*** Opening of Records shown ***

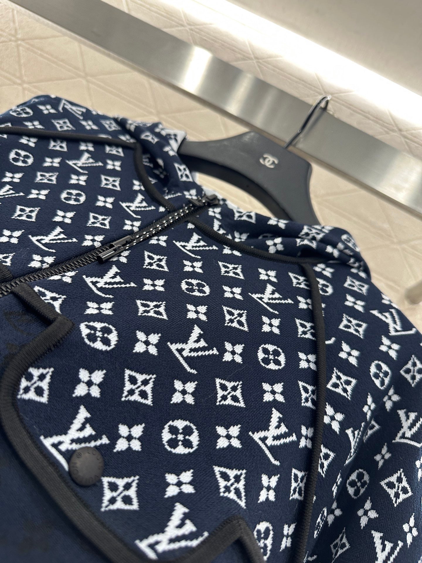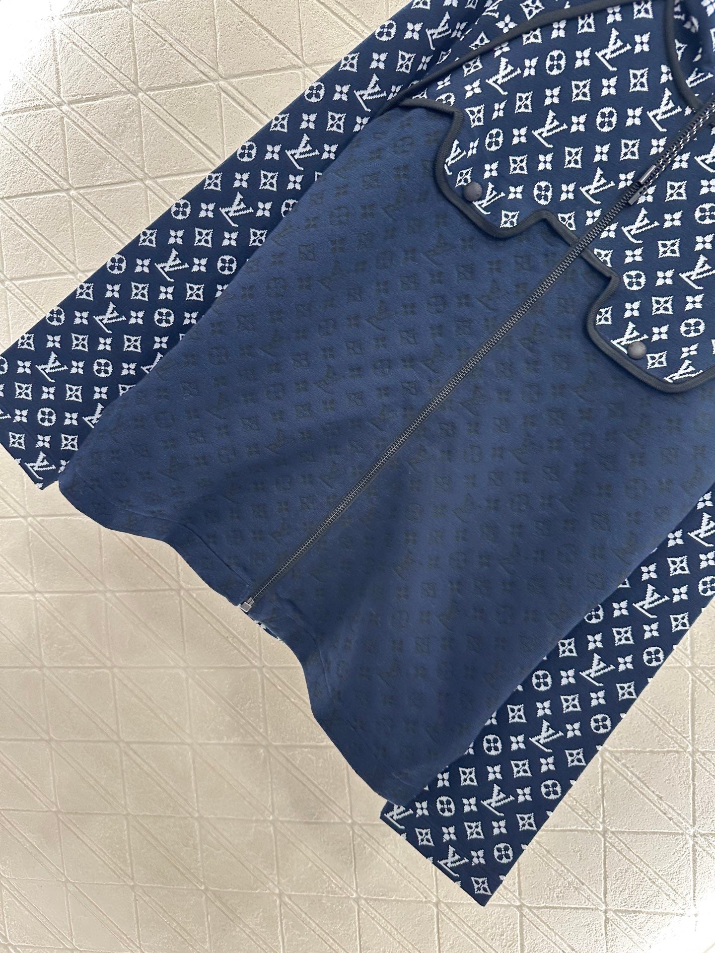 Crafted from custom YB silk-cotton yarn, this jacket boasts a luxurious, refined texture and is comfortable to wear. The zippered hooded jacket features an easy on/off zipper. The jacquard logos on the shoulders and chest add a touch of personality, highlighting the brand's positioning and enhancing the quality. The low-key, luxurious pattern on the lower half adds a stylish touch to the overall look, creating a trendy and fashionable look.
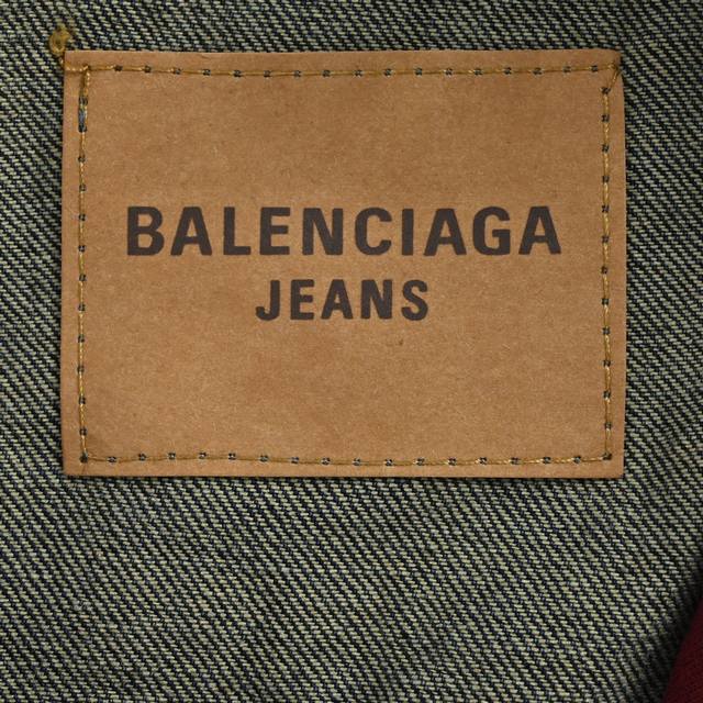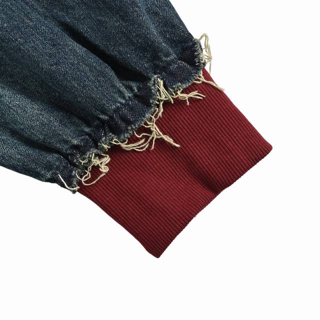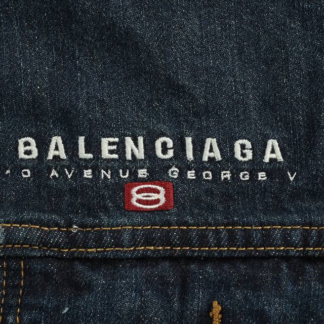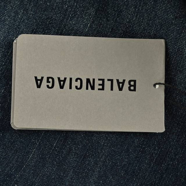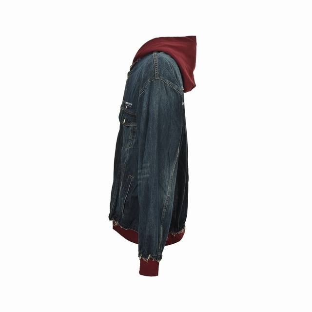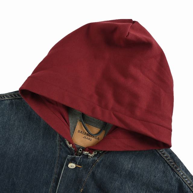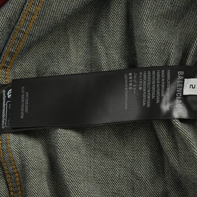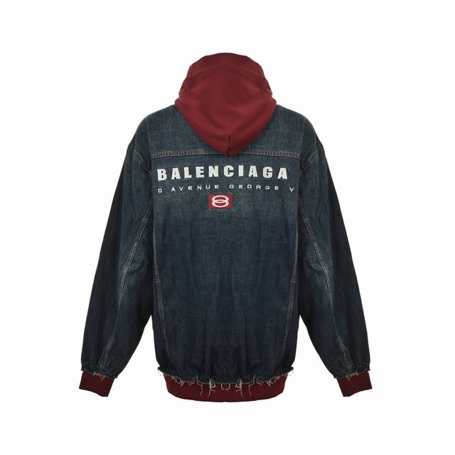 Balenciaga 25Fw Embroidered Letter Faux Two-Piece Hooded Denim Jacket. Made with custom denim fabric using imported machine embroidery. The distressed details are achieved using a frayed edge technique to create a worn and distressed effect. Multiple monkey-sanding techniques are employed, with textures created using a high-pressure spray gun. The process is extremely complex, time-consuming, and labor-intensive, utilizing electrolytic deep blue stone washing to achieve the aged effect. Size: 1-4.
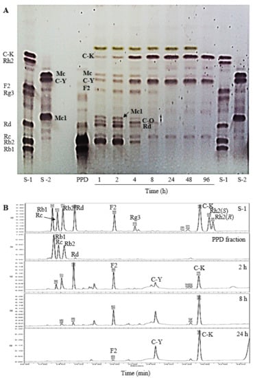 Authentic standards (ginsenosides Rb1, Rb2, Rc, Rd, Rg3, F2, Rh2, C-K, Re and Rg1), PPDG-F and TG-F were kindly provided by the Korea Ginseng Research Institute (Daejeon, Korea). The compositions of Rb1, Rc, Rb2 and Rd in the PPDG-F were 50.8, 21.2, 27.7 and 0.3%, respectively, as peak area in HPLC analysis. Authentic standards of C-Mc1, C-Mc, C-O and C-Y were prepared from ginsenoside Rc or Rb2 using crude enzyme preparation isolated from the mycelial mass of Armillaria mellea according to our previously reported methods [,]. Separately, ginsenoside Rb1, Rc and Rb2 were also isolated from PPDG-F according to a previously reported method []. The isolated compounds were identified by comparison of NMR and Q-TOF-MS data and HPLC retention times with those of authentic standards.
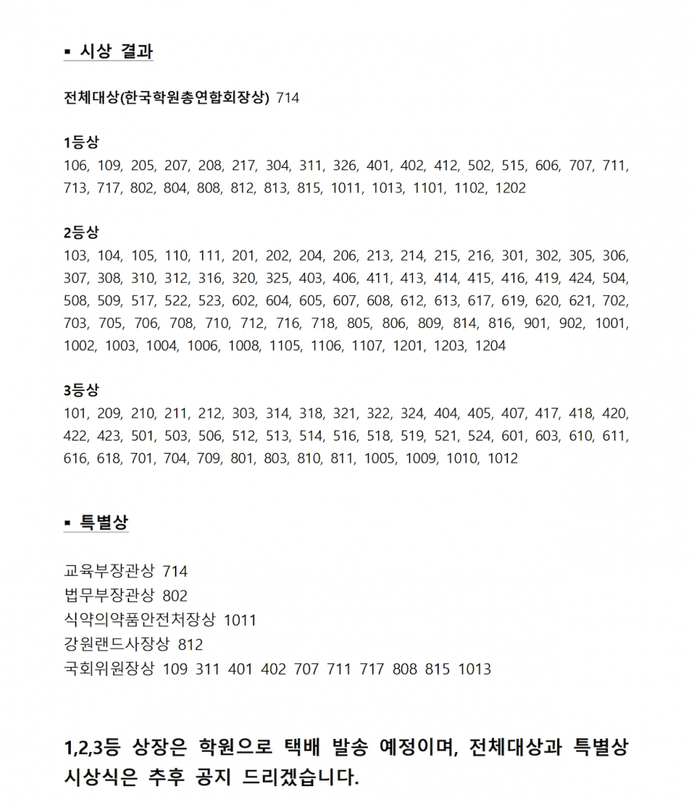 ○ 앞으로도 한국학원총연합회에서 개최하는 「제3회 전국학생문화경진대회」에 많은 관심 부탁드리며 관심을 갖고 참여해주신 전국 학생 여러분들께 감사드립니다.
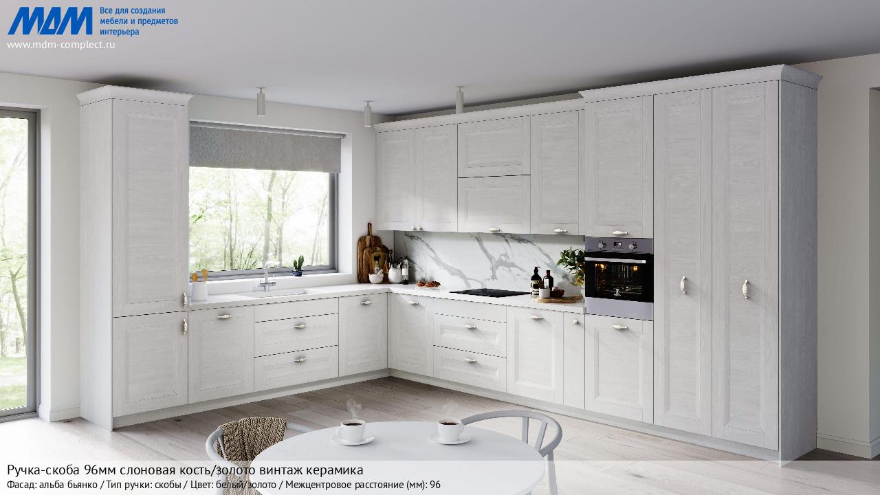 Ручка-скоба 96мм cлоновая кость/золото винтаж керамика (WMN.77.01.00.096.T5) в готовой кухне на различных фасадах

*** Close of Records shown ***

» Task to complete
Repeat the entries word for word and skip the pictures.

» Solution for this problem
 Crafted from custom YB silk-cotton yarn, this jacket boasts a luxurious, refined texture and is comfortable to wear. The zippered hooded jacket features an easy on/off zipper. The jacquard logos on the shoulders and chest add a touch of personality, highlighting the brand's positioning and enhancing the quality. The low-key, luxurious pattern on the lower half adds a stylish touch to the overall look, creating a trendy and fashionable look.
 Balenciaga 25Fw Embroidered Letter Faux Two-Piece Hooded Denim Jacket. Made with custom denim fabric using imported machine embroidery. The distressed details are achieved using a frayed edge technique to create a worn and distressed effect. Multiple monkey-sanding techniques are employed, with textures created using a high-pressure spray gun. The process is extremely complex, time-consuming, and labor-intensive, utilizing electrolytic deep blue stone washing to achieve the aged effect. Size: 1-4.
 Authentic standards (ginsenosides Rb1, Rb2, Rc, Rd, Rg3, F2, Rh2, C-K, Re and Rg1), PPDG-F and TG-F were kindly provided by the Korea Ginseng Research Institute (Daejeon, Korea). The compositions of Rb1, Rc, Rb2 and Rd in the PPDG-F were 50.8, 21.2, 27.7 and 0.3%, respectively, as peak area in HPLC analysis. Authentic standards of C-Mc1, C-Mc, C-O and C-Y were prepared from ginsenoside Rc or Rb2 using crude enzyme preparation isolated from the mycelial mass of Armillaria mellea according to our previously reported methods [,]. Separately, ginsenoside Rb1, Rc and Rb2 were also isolated from PPDG-F according to a previously reported method []. The isolated compounds were identified by comparison of NMR and Q-TOF-MS data and HPLC retention times with those of authentic standards.
 ○ 앞으로도 한국학원총연합회에서 개최하는 「제3회 전국학생문화경진대회」에 많은 관심 부탁드리며 관심을 갖고 참여해주신 전국 학생 여러분들께 감사드립니다.
 Ручка-скоба 96мм cлоновая кость/золото винтаж керамика (WMN.77.01.00.096.T5) в готовой кухне на различных фасадах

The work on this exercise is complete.